Exercise:
Would you please repeat all of the data exactly, omitting the pictures?
Data in this exercise Start Marker
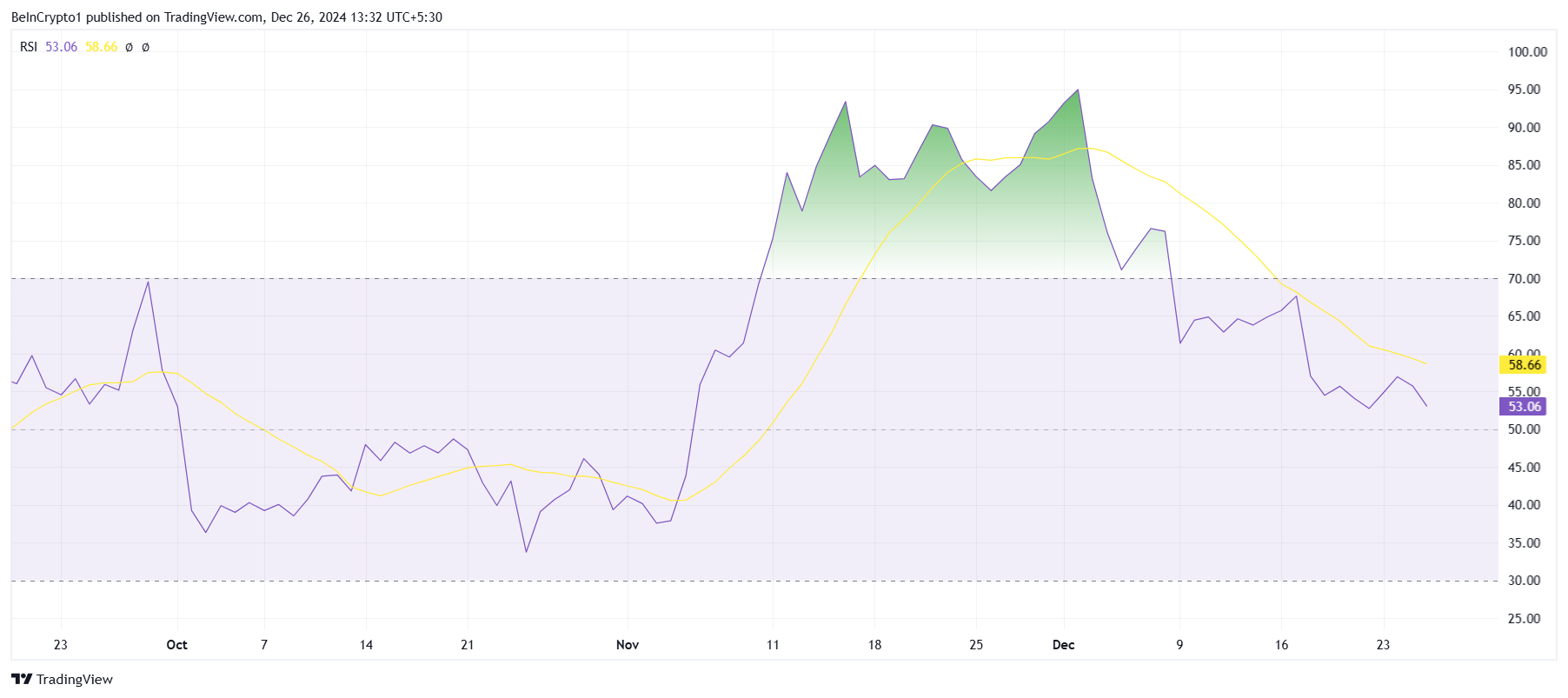 XRP:n makromomentum osoittaa myös karhumaisia taipumuksia, kun suhteellinen voimaindeksi (RSI) liukuu alaspäin. Tämä lasku osoittaa, että karhumomentum vahvistuu, mikä lisää XRP:n haasteita. RSI pysyy kuitenkin neutraalin rajan yläpuolella, mikä viittaa siihen, että myyntipaine ei ole vielä ylivoimainen.
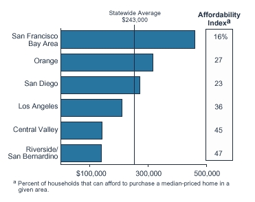 By far, the highest cost region is the San Francisco Bay Area, which had a median home price of $460,000 in mid-2000. At the other extreme, the median
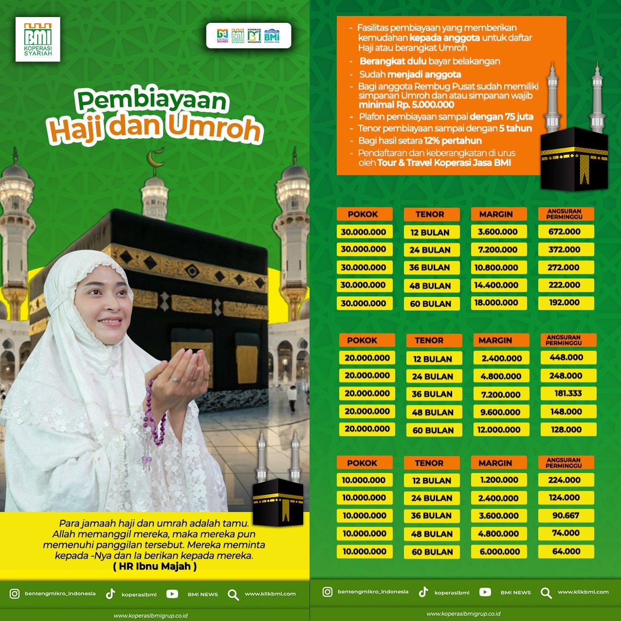 Diperuntukkan bagi anggota yang ingin melaksanakan ibadah umroh dan nilai pembiayaan maksimal sebesar Rp20.000.000,-, dengan ketentuan keanggotan minimal 3 tahun dan aqad yang digunakan Wakalah Bil Ujroh dan memiliki uang muka sebesar Rp10.000.000,-.
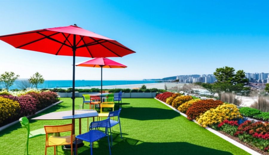 <이미지: 넓은 들판에 꽃이 피어있거나 탁 트인 공간에서 비행기를 볼 수 있는 하늘정원 또는 조용하고 아늑한 카페>
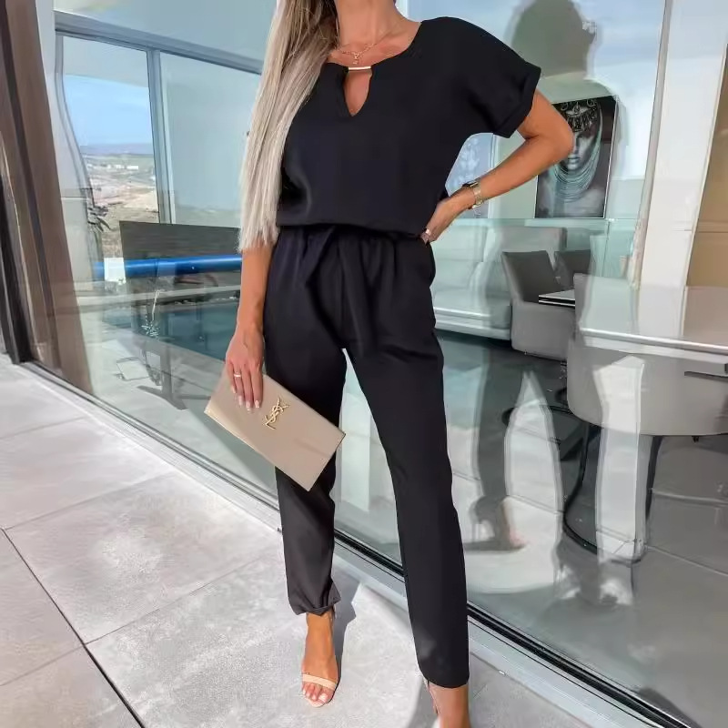 Comfortable V-neck Flounced Leisure Jumpsuit
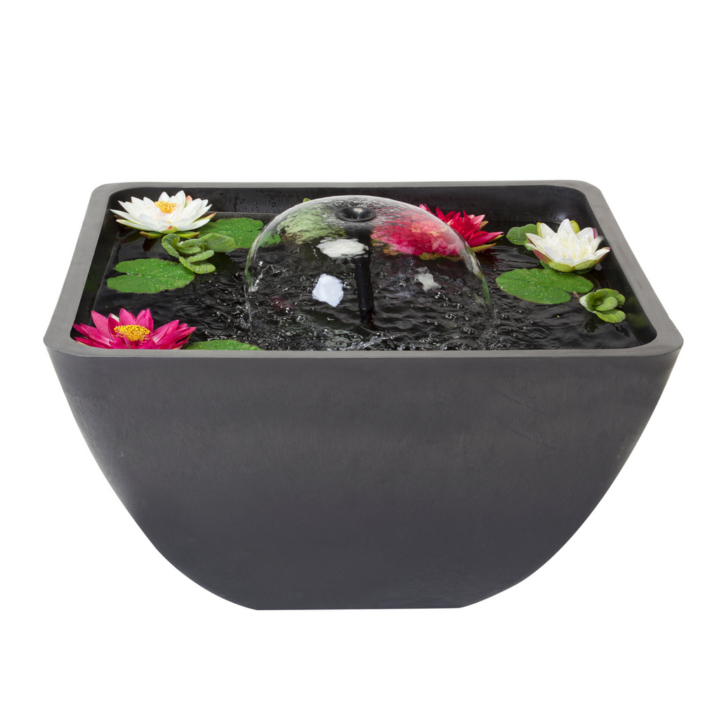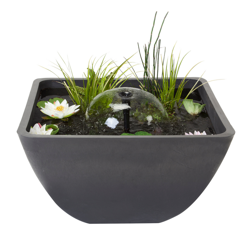 Unsere Fountain Pond Mini-Teiche können nahezu überall im Garten, auf der Terrasse oder sogar im Haus oder auf dem Balkon aufgestellt werden. Dank ihres leichten Gewichts sind sie einfach zu transportieren und können je nach Wunsch mit der mitgelieferten Fontäne oder dem Pflanzkorb ausgestattet werden. Ihrer Fantasie sind keine Grenzen gesetzt! Eine wunderbare Ergänzung ist unser Wasserfall, der das Teicherlebnis noch weiter bereichert. Das Wasser fließt sanft durch den Miniteich und schafft eine entspannte Atmosphäre.
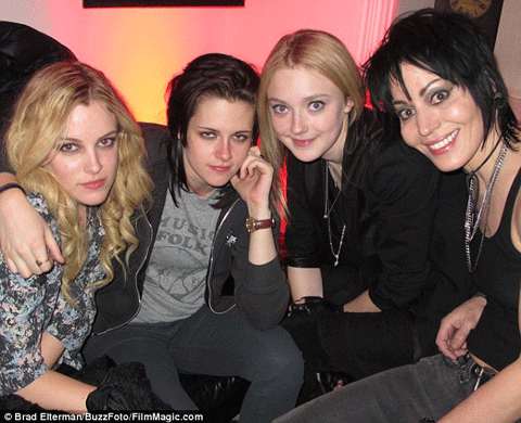 | 4 diễn viên trong phim The Runaway, Riley (bên trái) chụp ảnh thân thiết với Kristen. |
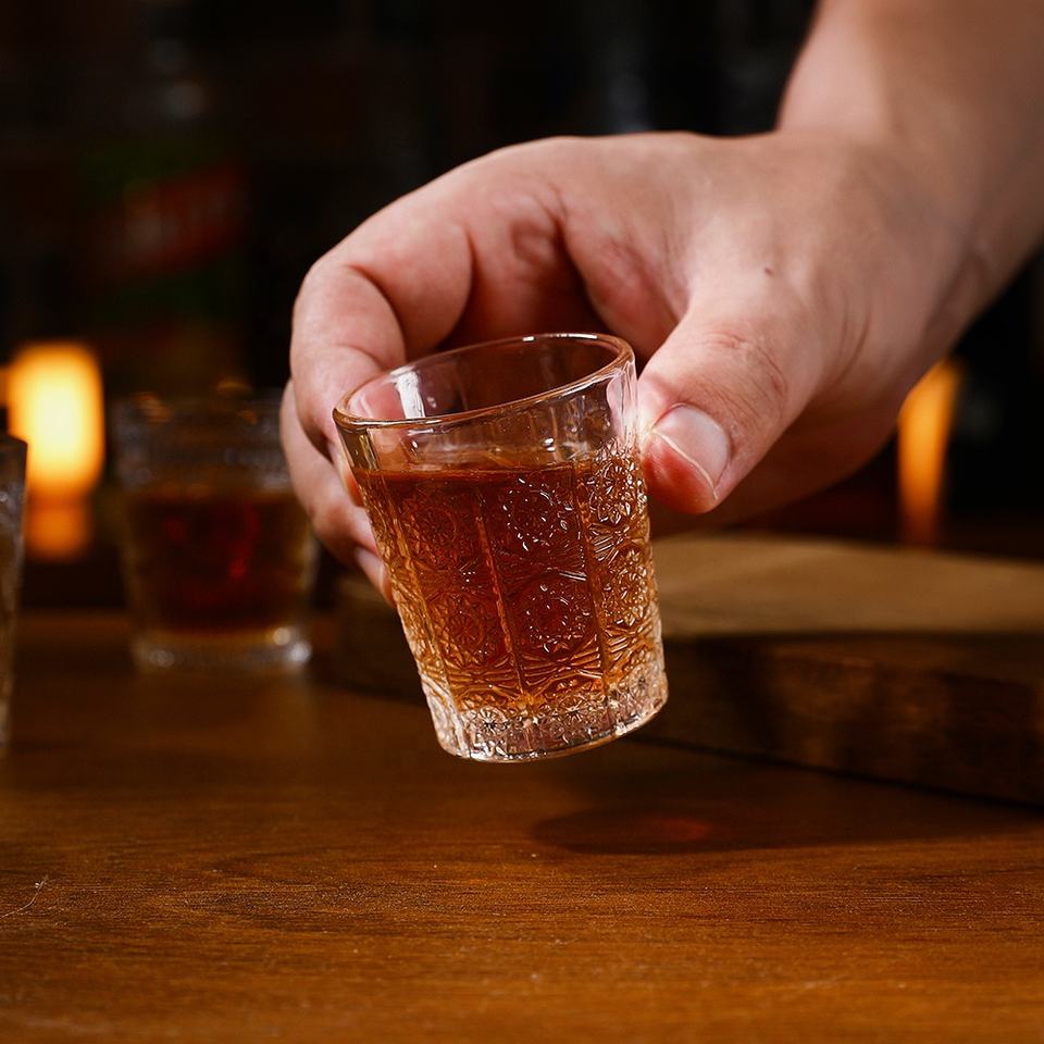 Embossed Shot Glass Cup Mini Whiskey Tasting Glasses Vintage Snifters 2oz Shot Glasses
Data in this exercise End Marker
Expected output:
 XRP:n makromomentum osoittaa myös karhumaisia taipumuksia, kun suhteellinen voimaindeksi (RSI) liukuu alaspäin. Tämä lasku osoittaa, että karhumomentum vahvistuu, mikä lisää XRP:n haasteita. RSI pysyy kuitenkin neutraalin rajan yläpuolella, mikä viittaa siihen, että myyntipaine ei ole vielä ylivoimainen.
 By far, the highest cost region is the San Francisco Bay Area, which had a median home price of $460,000 in mid-2000. At the other extreme, the median
 Diperuntukkan bagi anggota yang ingin melaksanakan ibadah umroh dan nilai pembiayaan maksimal sebesar Rp20.000.000,-, dengan ketentuan keanggotan minimal 3 tahun dan aqad yang digunakan Wakalah Bil Ujroh dan memiliki uang muka sebesar Rp10.000.000,-.
 <이미지: 넓은 들판에 꽃이 피어있거나 탁 트인 공간에서 비행기를 볼 수 있는 하늘정원 또는 조용하고 아늑한 카페>
 Comfortable V-neck Flounced Leisure Jumpsuit
 Unsere Fountain Pond Mini-Teiche können nahezu überall im Garten, auf der Terrasse oder sogar im Haus oder auf dem Balkon aufgestellt werden. Dank ihres leichten Gewichts sind sie einfach zu transportieren und können je nach Wunsch mit der mitgelieferten Fontäne oder dem Pflanzkorb ausgestattet werden. Ihrer Fantasie sind keine Grenzen gesetzt! Eine wunderbare Ergänzung ist unser Wasserfall, der das Teicherlebnis noch weiter bereichert. Das Wasser fließt sanft durch den Miniteich und schafft eine entspannte Atmosphäre.
 | 4 diễn viên trong phim The Runaway, Riley (bên trái) chụp ảnh thân thiết với Kristen. |
 Embossed Shot Glass Cup Mini Whiskey Tasting Glasses Vintage Snifters 2oz Shot Glasses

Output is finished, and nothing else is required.